The weights and penalty values used in Essie were derived in a fairly ad-hoc way. Values were adopted that seemed reasonable after performing a number of searches and examining the ordering of search results. Frequently, deciding which of two documents should have a higher rank based on a given query is quite arbitrary. We continue to tune the weights and penalty values. One interesting possibility for future work would be to identify or build an appropriate training set and then use machine learning techniques to optimize the weights and penalties.

In addition to the ranking of documents based on direct relevance to a user’s query, Essie’s document scoring algorithm makes it possible to include other ranking criteria. For example, it is possible to establish general filters to adjust rankings based on general criteria such as documents about “treatments,” “diagnosis,” “genetics,” or other topics. This strategy has been used in a number of other systems.36 37 38 39 Evaluation of the utility of such re-ranking strategies is currently underway.

Another possible area for future work is the incorporation of a feedback loop from the top-ranked documents.40 41 This strategy would augment the existing system by identifying the most significant phrases and words from the best documents and then adding those phrases and terms back into the search query.

Essie is a work in progress, and we will continue to address limitations as they become apparent. In particular, we are constantly evaluating the effectiveness of the ranking algorithm. Every corpus indexed has led to new insights and subsequent refinements.

Conclusion

Essie was developed for the ClinicalTrials.gov project at the NLM. The goal of Essie’s indexing, searching, and ranking algorithms is to reduce the burden on the user of developing sophisticated query strategies when searching a biomedical corpus. Preliminary evaluations conducted as part of the TREC Genomics track demonstrate the effectiveness of the Essie retrieval and ranking algorithms. The system is in active use on ClinicalTrials.gov as well as several other projects at the Lister Hill National Center for Biomedical Communications. Essie is an active research project with ongoing development and enhancements.

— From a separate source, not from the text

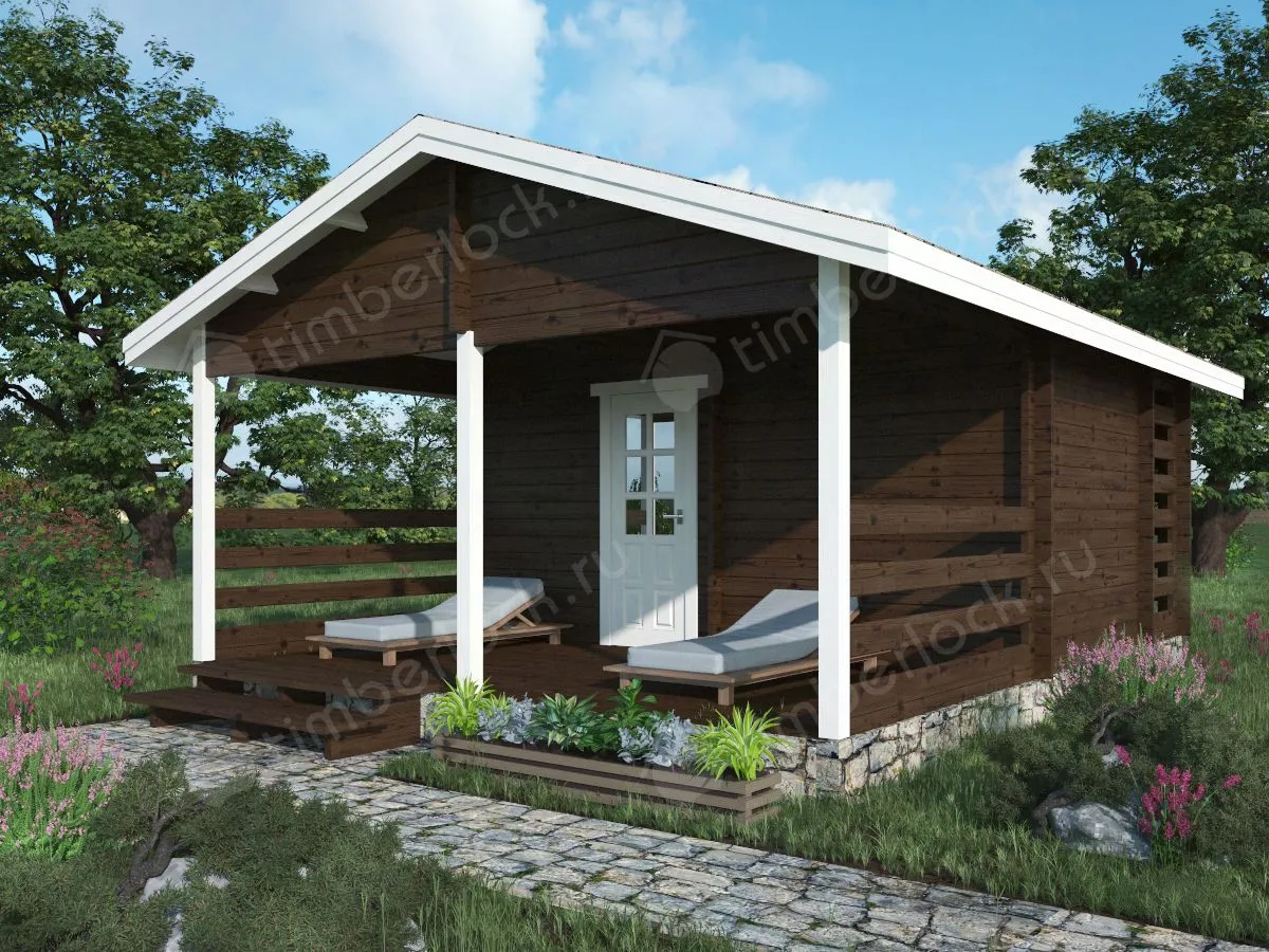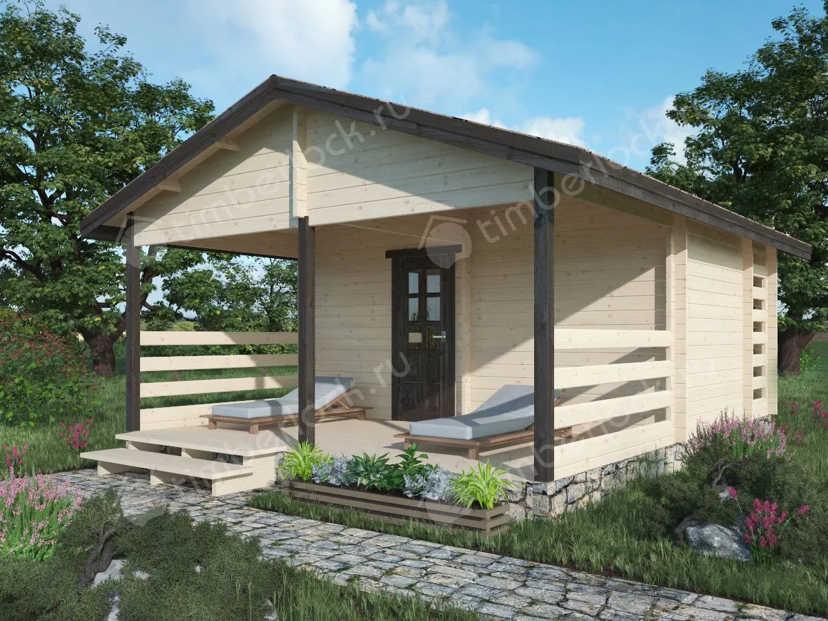 Оптимальный вариант средней садовой бани. При относительно небольших размерах в этой планировке вместилась парилка 2х2м, душевая комната, комната отдыха и предбанник с туалетом. Дровяная печь с панорамным стеклом придаст уют и комфорт вашему отдыху. Отличный вариант для 4-7 человек.

Essie utilizes a fine-grained tokenization algorithm that preserves punctuation information along with concept and phrase searching. Phrases and words from the user’s query augmented with appropriate variants and synonyms are “all the right pieces.” The document structure is exploited to distinguish the high-value areas of a document from the low-value areas to define “all the right places.” Essie’s ranking algorithm can be summarized as giving preference to documents with “all the right pieces in all the right places.”

Acknowledgments

The authors thank Dr. Alexa McCray, Dr. Deborah Zarin, and the research community at the Lister Hill Center for their support and encouragement.

Footnotes

  • This article is written by an employee of the US Government and is in the public domain. This article may be republished and distributed without penalty.

  • The views expressed in this paper do not necessarily represent those of any U.S. government agency, but rather reflect the opinions of the authors.